Action item: Make an exact copy, from the records below, of the lines from the line containing "украсен со цветови." to the line containing "Be the first", both lines included, excluding pictures.
—————
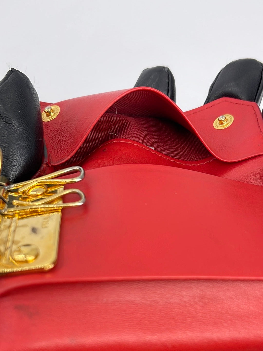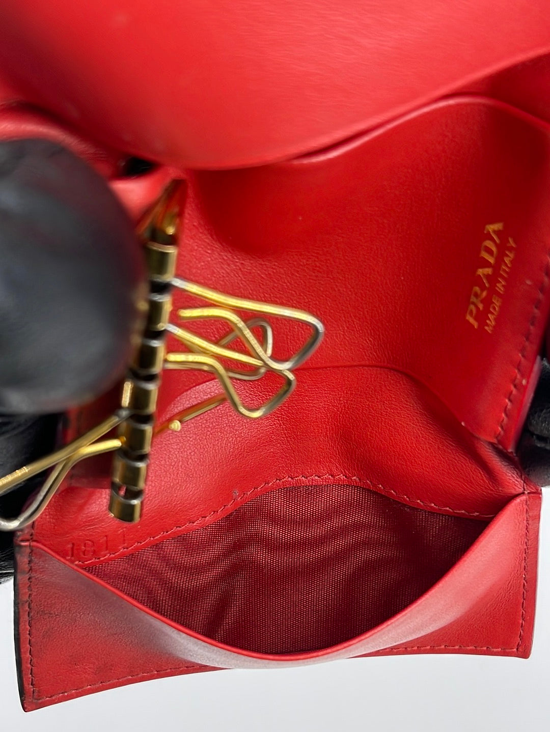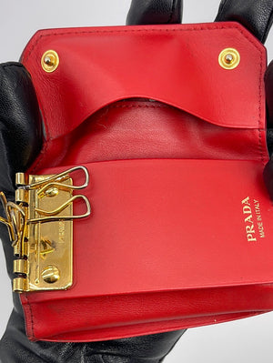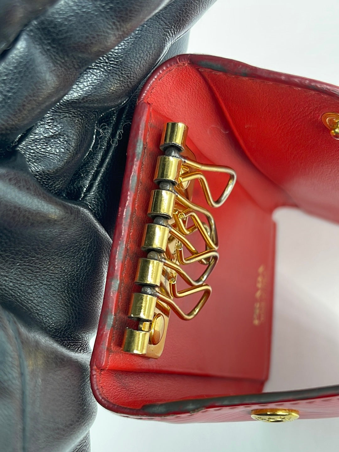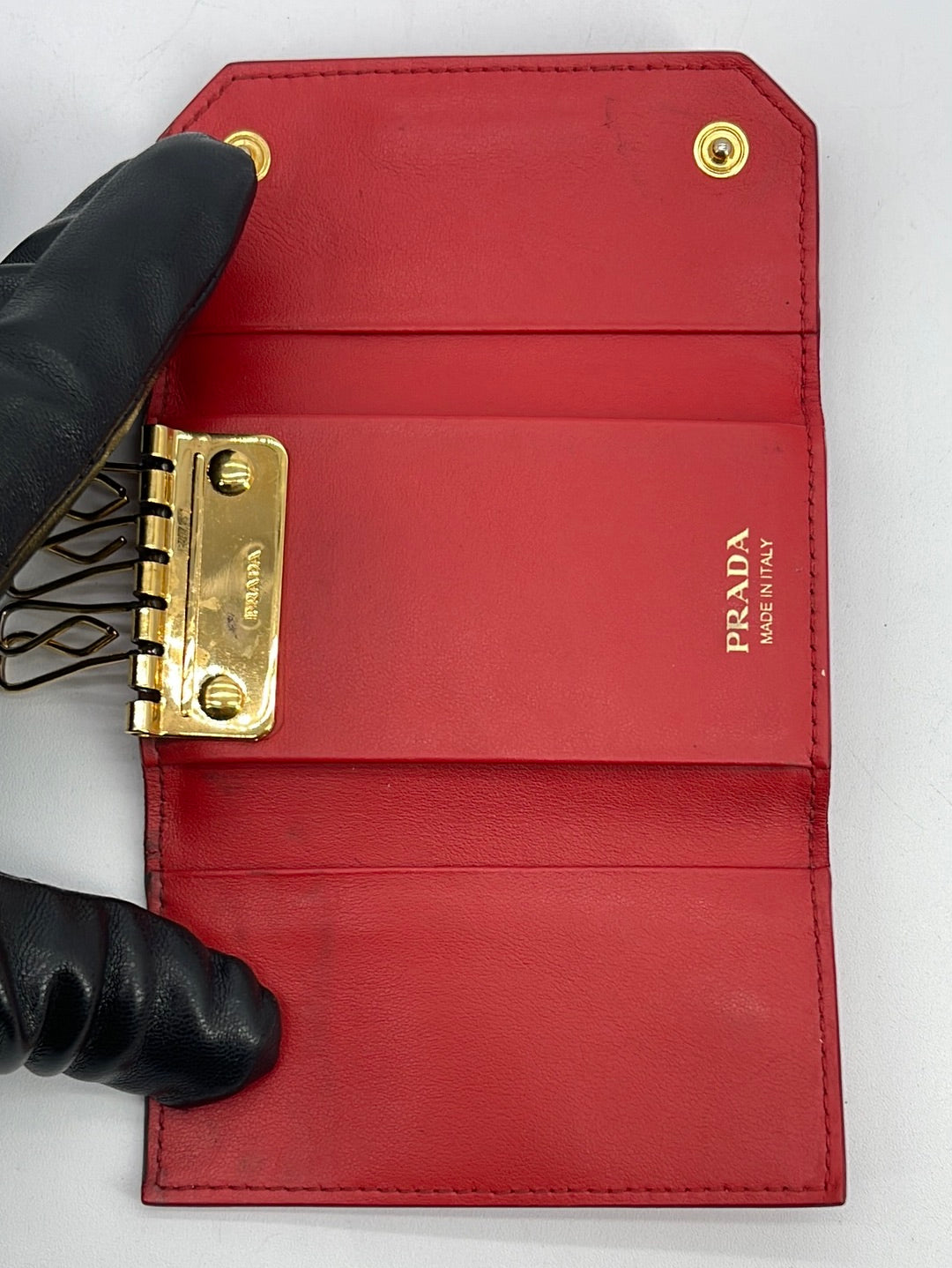 Preloved Prada Saffiano Pink and Red Leather 6 Ring Key Case - Missing on Key Hook
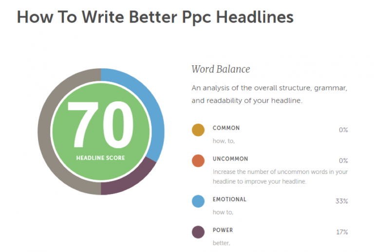 Writing strong headlines that encourage action is important. And using a headline tool can help you check-off key elements of strong headlines. CoSchecule’s headline analyzer rates headlines based on length, word choice, key terms, how it displays in search results, and several other factors.
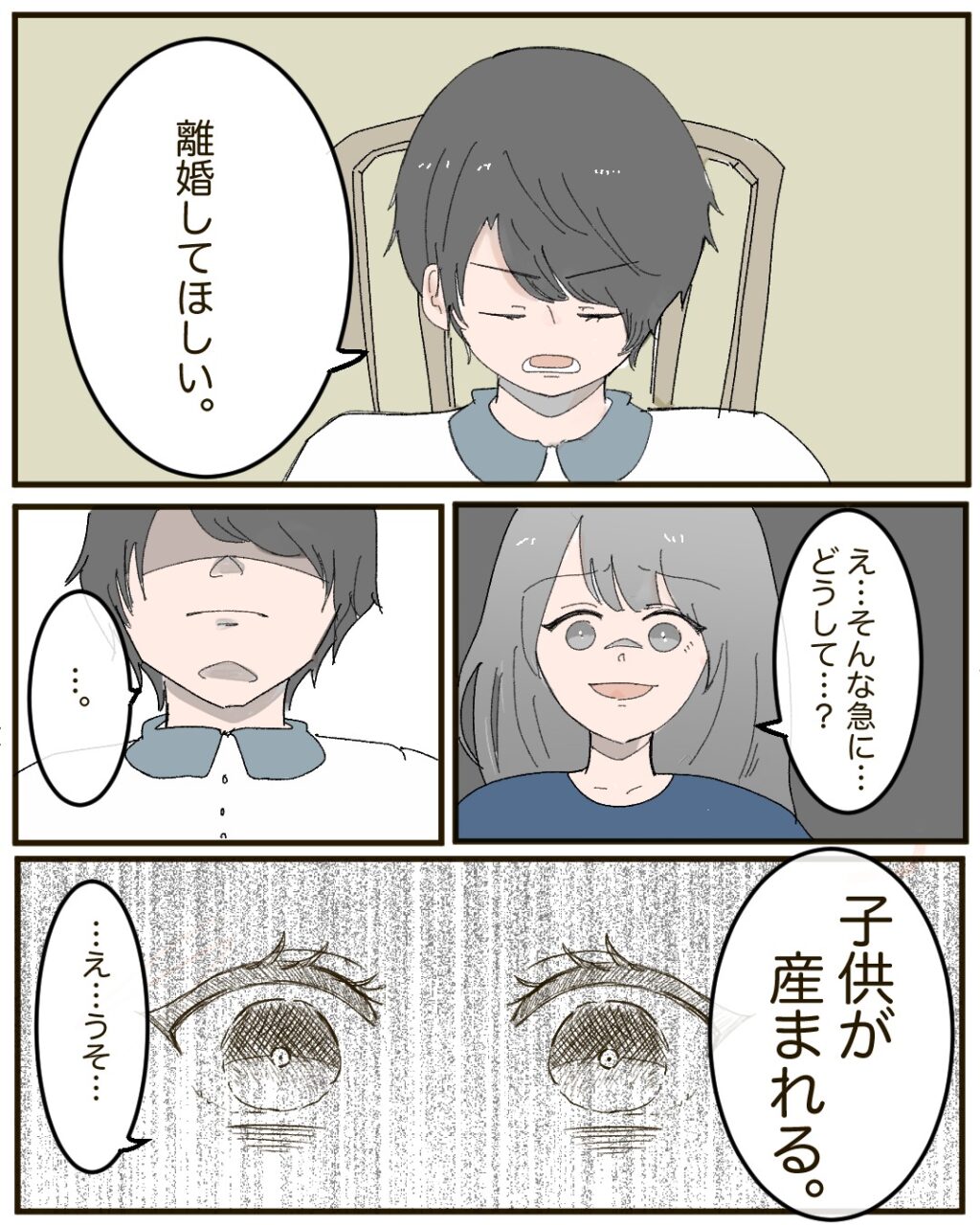 「離婚してほしい。」突然、夫つかさに切り出された時には何を言われているのか分からず言葉に詰まりました。そんな私に、つかさは更に衝撃的な言葉を発したのです。「子供が産まれる。」
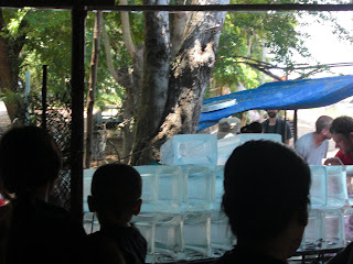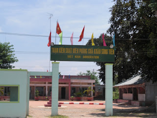 The Vietnamese immigration station at this border crossing looked like it was a roadside hotdog stand in Pigsknuckle, Arkansas. It was a series of shacks in the middle of nowhere. The picture does no justice to how isolated the area is. We were detained in quarantine for about an hour to make sure that we weren’t carrying SARS. Also, while we were waiting, a motorbike hauling about 2 tons of ice almost overturned onto half of my group. Thankfully, I was out of the way buying water about 20 feet away and tried to snap a picture of the incident.
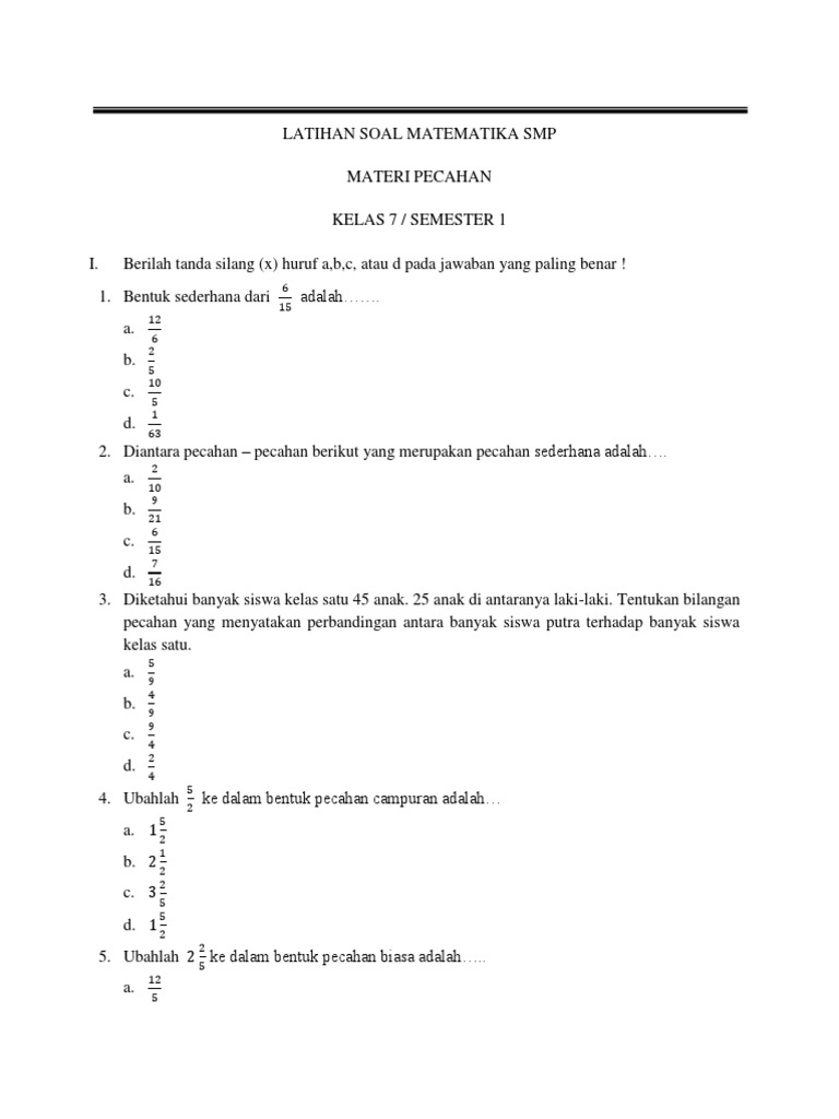 Soal Pecahan. Dalam mata pelajaran matematika untuk kelas 4 sekolah dasar (sd), salah satu materi yang dipelajari adalah tentang pecahan. 55+ soal matematika kelas 5 pecahan pilihan ganda & isian.
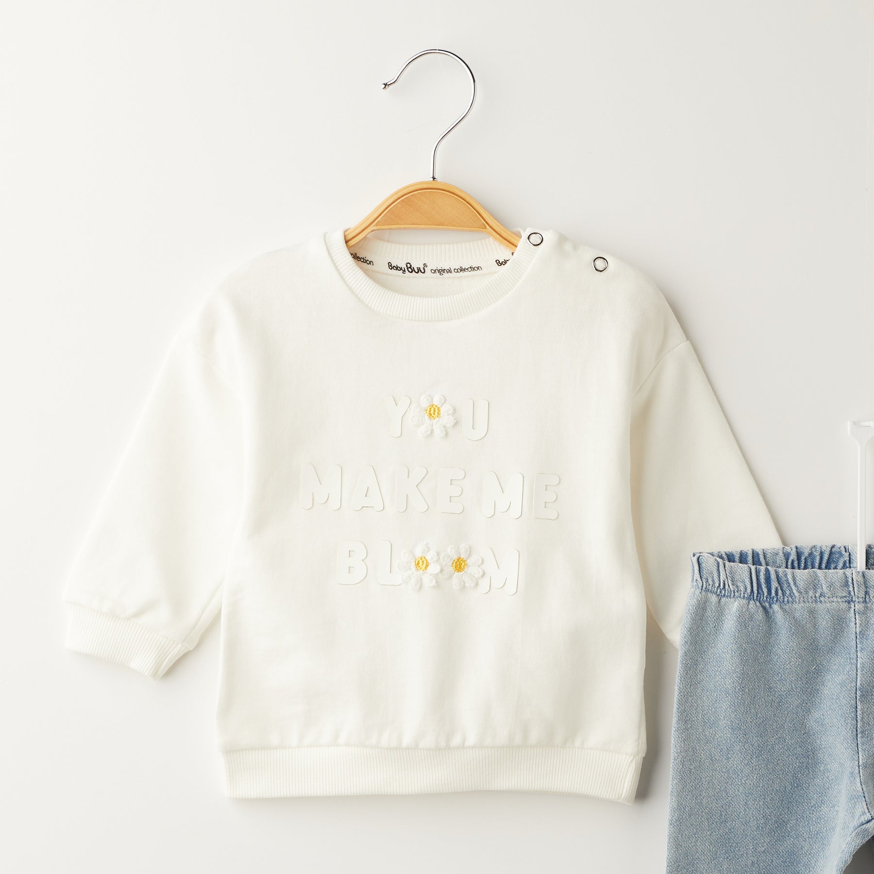 • Со принт „YOU MAKE ME BLOOM“ украсен со цветови.
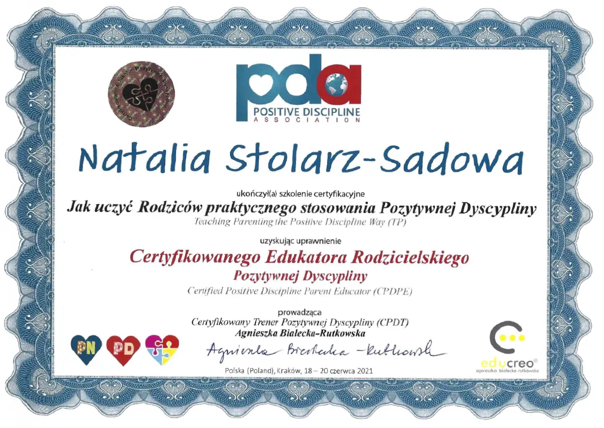 - Certyfikowany Edukator Rodzicielski Pozytywnej Dyscypliny – Educreo i Positive Discipline Association (PDA), 18-20.06.2021 r. » Zobacz Certyfikat «
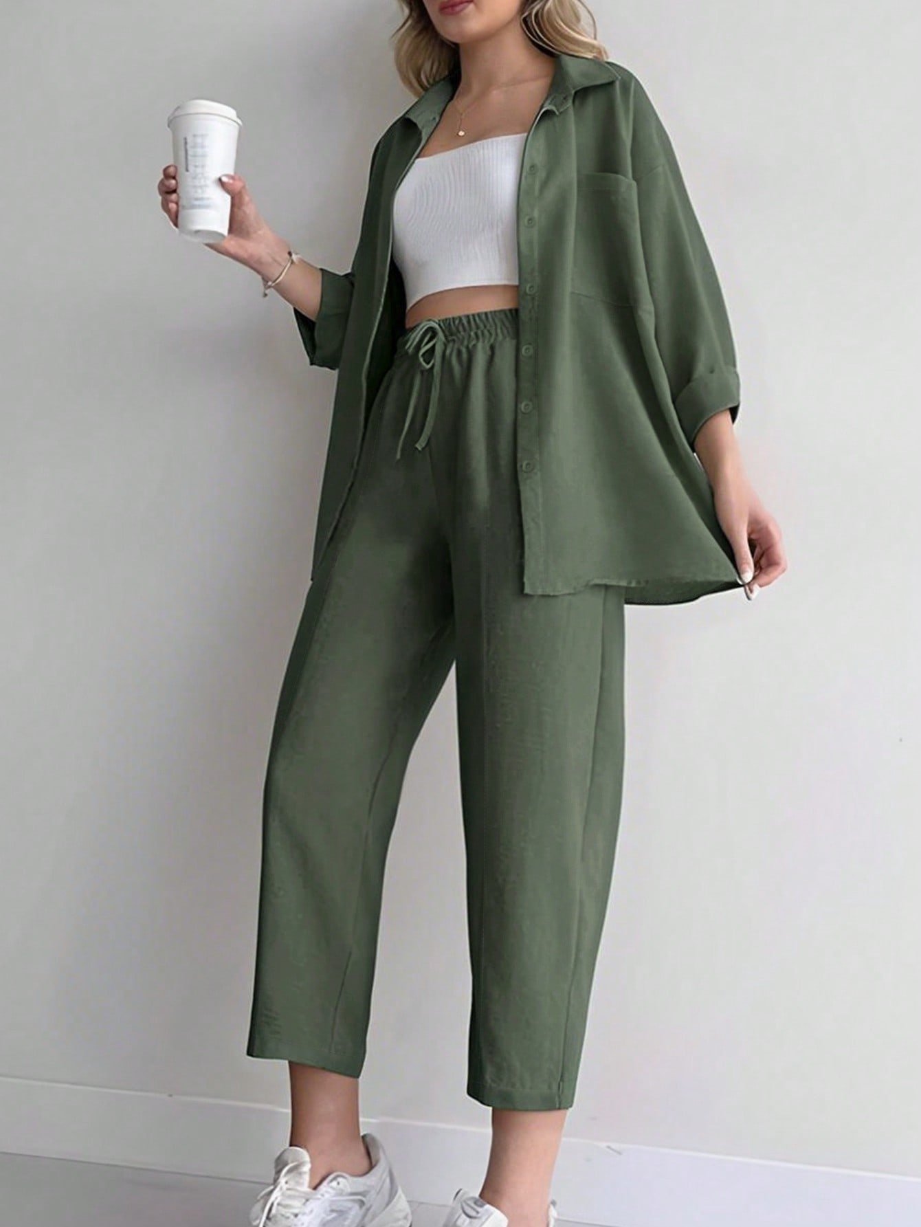 Be the first to review “Elegant Polo Collar Cardigan & Wide-Leg Pants Co-ord Set” Cancel reply
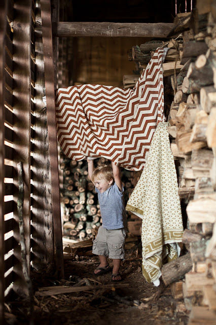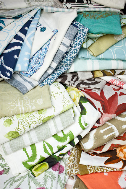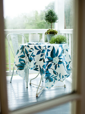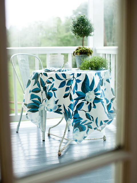I love everything about this gorgeous outdoor space, especially the tile wall and those indigo batik pillows. You can have your own made using this fabric.
—————
Result of the exercise:
 • Со принт „YOU MAKE ME BLOOM“ украсен со цветови.
 - Certyfikowany Edukator Rodzicielski Pozytywnej Dyscypliny – Educreo i Positive Discipline Association (PDA), 18-20.06.2021 r. » Zobacz Certyfikat «
 Be the first to review “Elegant Polo Collar Cardigan & Wide-Leg Pants Co-ord Set” Cancel reply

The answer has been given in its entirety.